No clear explanation is given for La Motte’s sudden departure from war-torn Europe in 1916. After countless hours spent caring for the innumerable wounded and sick, the lack of a clear military breakthrough, or her near-death encounter at Ypres, perhaps she was just spent.[7] Yet the main coping mechanism that got her through the conflict was her ability to write.
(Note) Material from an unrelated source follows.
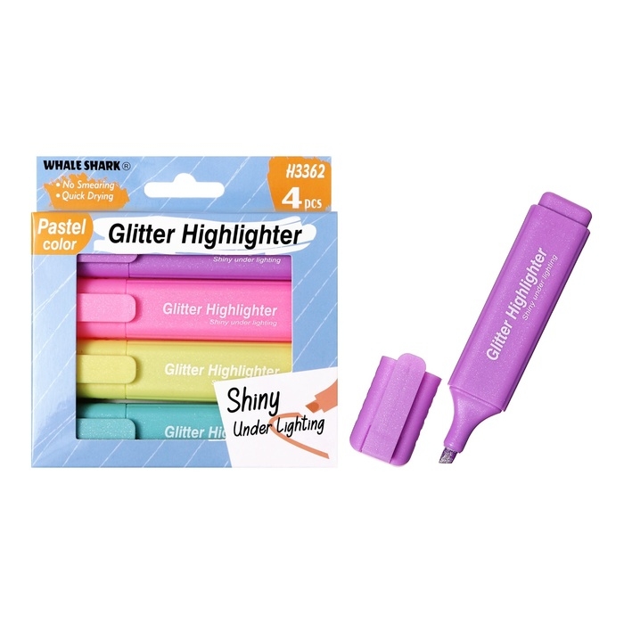 Набор маркеров текстовыделителей 4 штуки 4 цвета, блестки, Пастель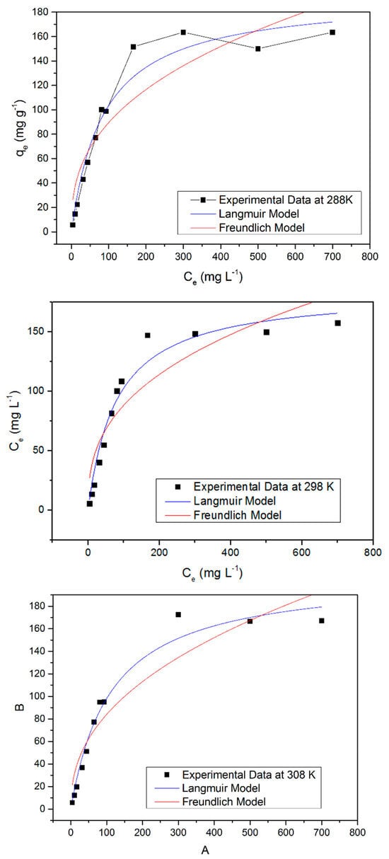 Adsorption isotherms were studied to assess contaminant removal at various concentrations at temperatures of 288, 298, and 308 K, as shown in Figure 6.

Scant attention has been paid to those who cared for others during the Great War. The sheer physical and mental exhaustion combined with the lack of resources available to caregivers could, on occasion, have lasting effects. In one extreme instance, twin sisters from a prominent New York family who served overseas with the Red Cross were so overcome by their wartime experiences they committed suicide while on their return voyage home.[8] Fortunately for La Motte and others like her, her writing not only shed light on the cruel realities of war, it provided a measure of cathartic release from its insanity.[9]

Briefly, she returned to the United States with her life partner, Emily Crane Chadbourne. In August of 1916, traveling with Chadbourne in Asia, La Motte turned her attention to the negative impact of the international opium trade upon world health. She spent a year chronicling the problem before publishing a series of essays and books aimed at countering its dire influence. She returned to the United States and retired from public life in 1935. La Motte spent the remainder of her life with Chadbourne and died of natural causes in 1961. She was eighty-seven years old.[10]

One contemplates the extent to which La Motte might have altered her opinions had she remained in Europe long enough to witness the tide of war shift and the arrival of fresh medical assets from the United States once it entered the fray, or how U.S. Medical personnel might have benefited from her previous experiences. Critics might question the veracity of her experiences or the possibility that she embellished her encounters with military and state officials to market her work. If true, however, she would be among countless peers who were guilty of doing the same. As an avowed socialist and anarchist, readers may find her social and political leanings at odds with her desire to serve in what she considered a lost cause ineptly waged by a fading aristocracy. Yet, humanity and life experiences are rife with examples of shortcomings and contradictions that are beyond clear understanding which is why the subject of history remains so intriguing.
Mary Borden-Turner, who recruited Ellen La Motte as an army hospital nurse on the front, receives wounded soldiers from an ambulance. (Jane Conway / MaryBorden.com)

Whether its yesterday’s chemical warfare and shell shock, or today’s improvised explosive devices and Post Traumatic Stress Disorder, La Motte’s provocative no-nonsense style and clinical approach to medicine combined with her open critique of the military hierarchy’s approach to waging war, lack of forethought in treating casualties, and overall reaction to global conflict and injustices remains pertinent. Then as now, writing provided a necessary form of release by those who endured the conflict. Moreover, those responsible for waging war are encouraged to read La Motte’s work that illuminates war’s consequences and highlights the importance of sound planning in the treatment of the injured and sick. Though long since passed, La Motte challenges us to question overall war aims and methods employed by those in authority.